Task: With the images removed, write out each record exactly as given.

The data:

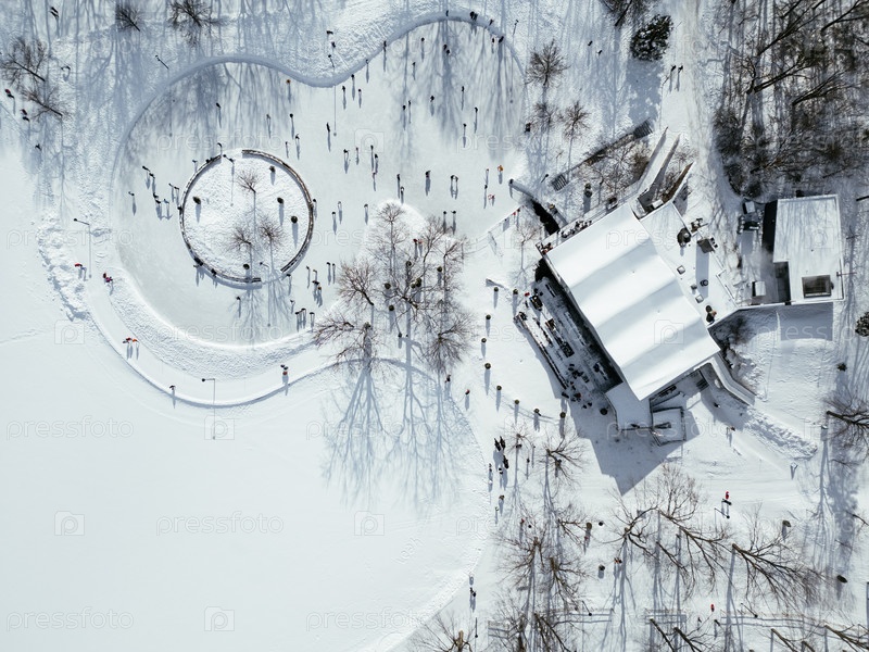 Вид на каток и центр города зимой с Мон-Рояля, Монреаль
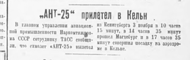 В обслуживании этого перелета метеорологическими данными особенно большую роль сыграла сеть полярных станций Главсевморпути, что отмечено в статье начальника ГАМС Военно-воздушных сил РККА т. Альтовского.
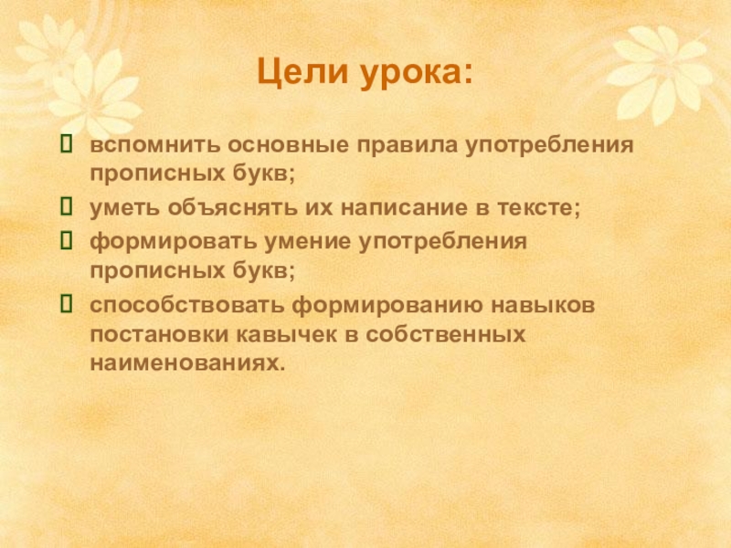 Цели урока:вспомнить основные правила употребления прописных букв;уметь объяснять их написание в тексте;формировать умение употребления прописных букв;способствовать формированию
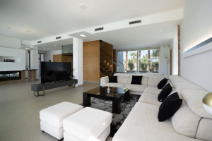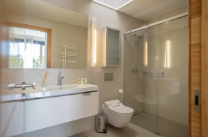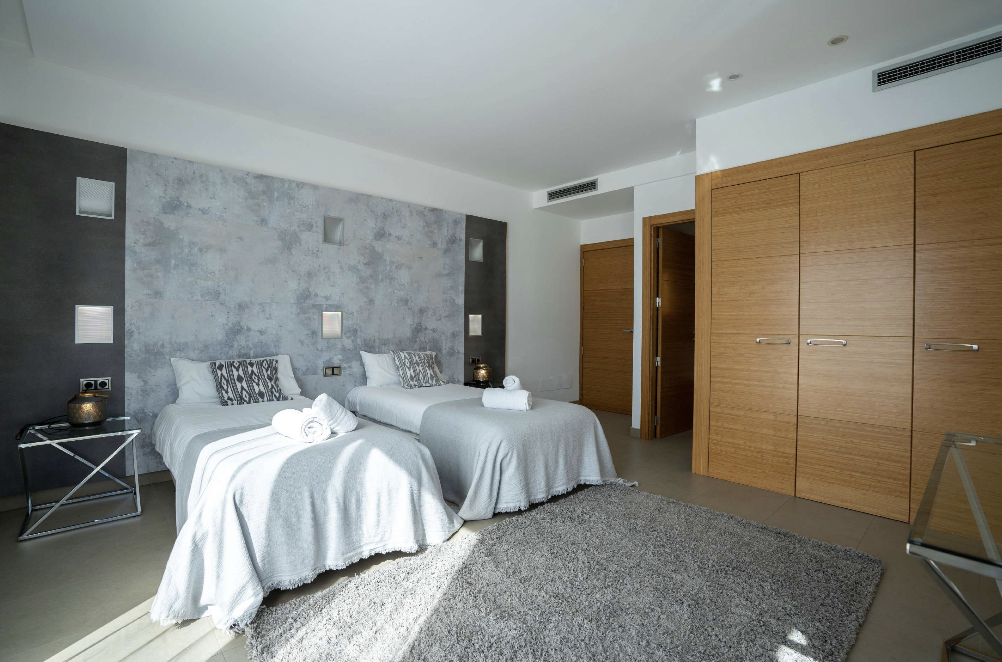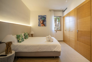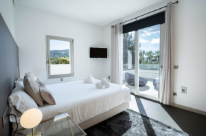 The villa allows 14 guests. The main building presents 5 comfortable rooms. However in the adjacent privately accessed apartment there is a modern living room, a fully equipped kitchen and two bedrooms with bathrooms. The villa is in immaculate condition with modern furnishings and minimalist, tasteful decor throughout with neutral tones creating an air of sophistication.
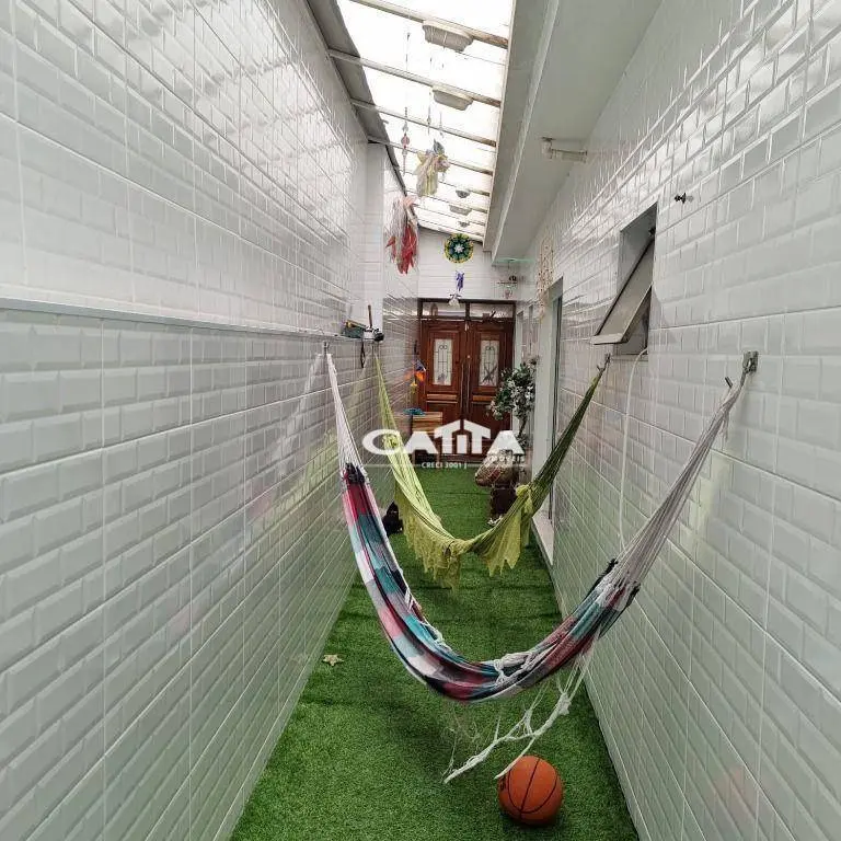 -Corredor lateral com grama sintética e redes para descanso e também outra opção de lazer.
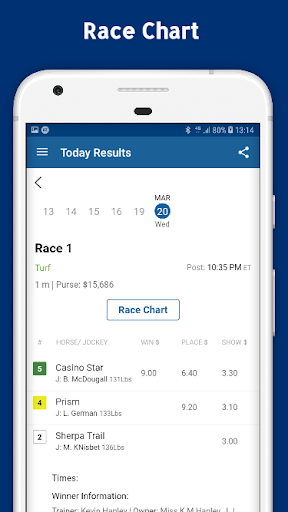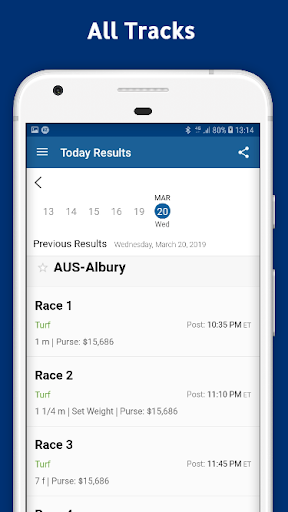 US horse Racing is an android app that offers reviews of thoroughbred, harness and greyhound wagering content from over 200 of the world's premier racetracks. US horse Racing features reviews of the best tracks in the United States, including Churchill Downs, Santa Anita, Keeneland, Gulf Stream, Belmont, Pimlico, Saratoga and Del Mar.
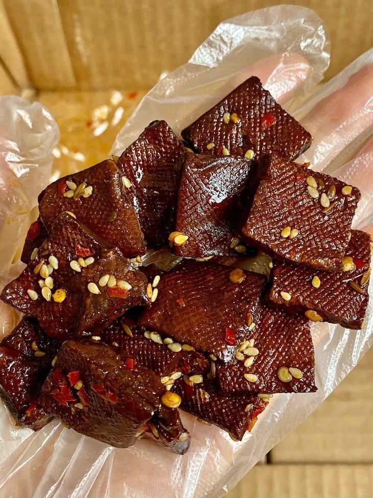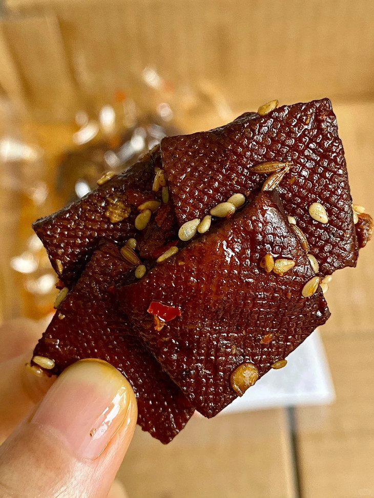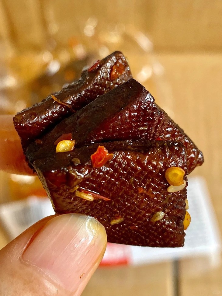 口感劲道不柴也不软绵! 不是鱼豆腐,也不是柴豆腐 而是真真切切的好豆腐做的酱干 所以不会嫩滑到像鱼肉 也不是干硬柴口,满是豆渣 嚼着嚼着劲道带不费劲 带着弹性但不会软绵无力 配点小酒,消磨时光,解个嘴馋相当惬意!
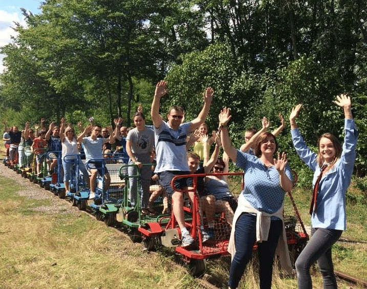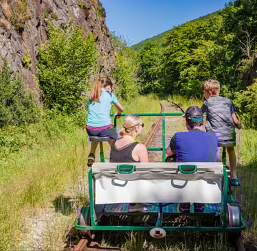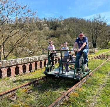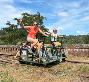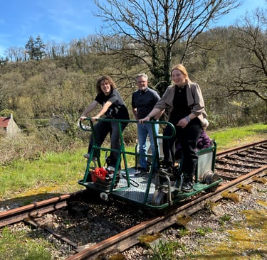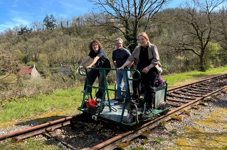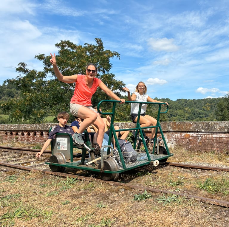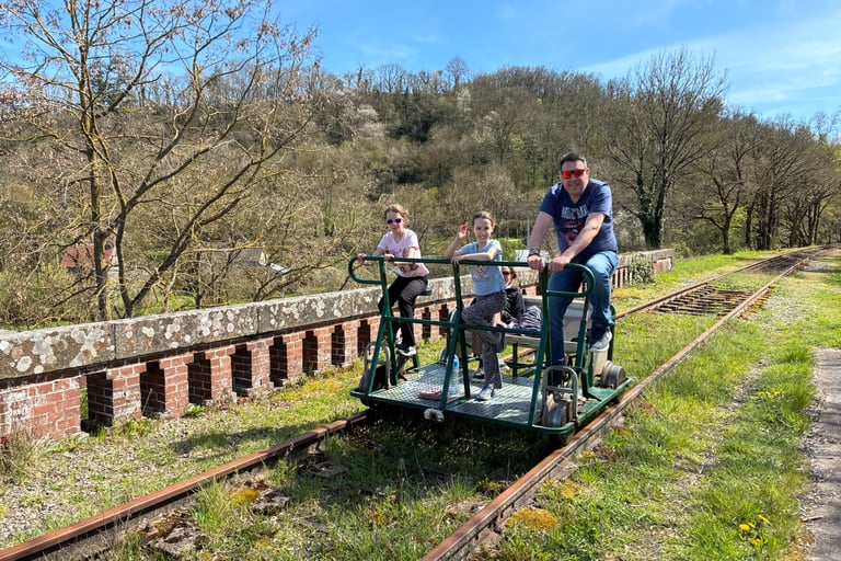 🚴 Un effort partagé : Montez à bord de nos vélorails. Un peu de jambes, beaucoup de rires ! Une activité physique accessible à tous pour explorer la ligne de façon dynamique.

Task result:
 Вид на каток и центр города зимой с Мон-Рояля, Монреаль
 В обслуживании этого перелета метеорологическими данными особенно большую роль сыграла сеть полярных станций Главсевморпути, что отмечено в статье начальника ГАМС Военно-воздушных сил РККА т. Альтовского.
 Цели урока:вспомнить основные правила употребления прописных букв;уметь объяснять их написание в тексте;формировать умение употребления прописных букв;способствовать формированию
 The villa allows 14 guests. The main building presents 5 comfortable rooms. However in the adjacent privately accessed apartment there is a modern living room, a fully equipped kitchen and two bedrooms with bathrooms. The villa is in immaculate condition with modern furnishings and minimalist, tasteful decor throughout with neutral tones creating an air of sophistication.
 -Corredor lateral com grama sintética e redes para descanso e também outra opção de lazer.
 US horse Racing is an android app that offers reviews of thoroughbred, harness and greyhound wagering content from over 200 of the world's premier racetracks. US horse Racing features reviews of the best tracks in the United States, including Churchill Downs, Santa Anita, Keeneland, Gulf Stream, Belmont, Pimlico, Saratoga and Del Mar.
 口感劲道不柴也不软绵! 不是鱼豆腐,也不是柴豆腐 而是真真切切的好豆腐做的酱干 所以不会嫩滑到像鱼肉 也不是干硬柴口,满是豆渣 嚼着嚼着劲道带不费劲 带着弹性但不会软绵无力 配点小酒,消磨时光,解个嘴馋相当惬意!
 🚴 Un effort partagé : Montez à bord de nos vélorails. Un peu de jambes, beaucoup de rires ! Une activité physique accessible à tous pour explorer la ligne de façon dynamique.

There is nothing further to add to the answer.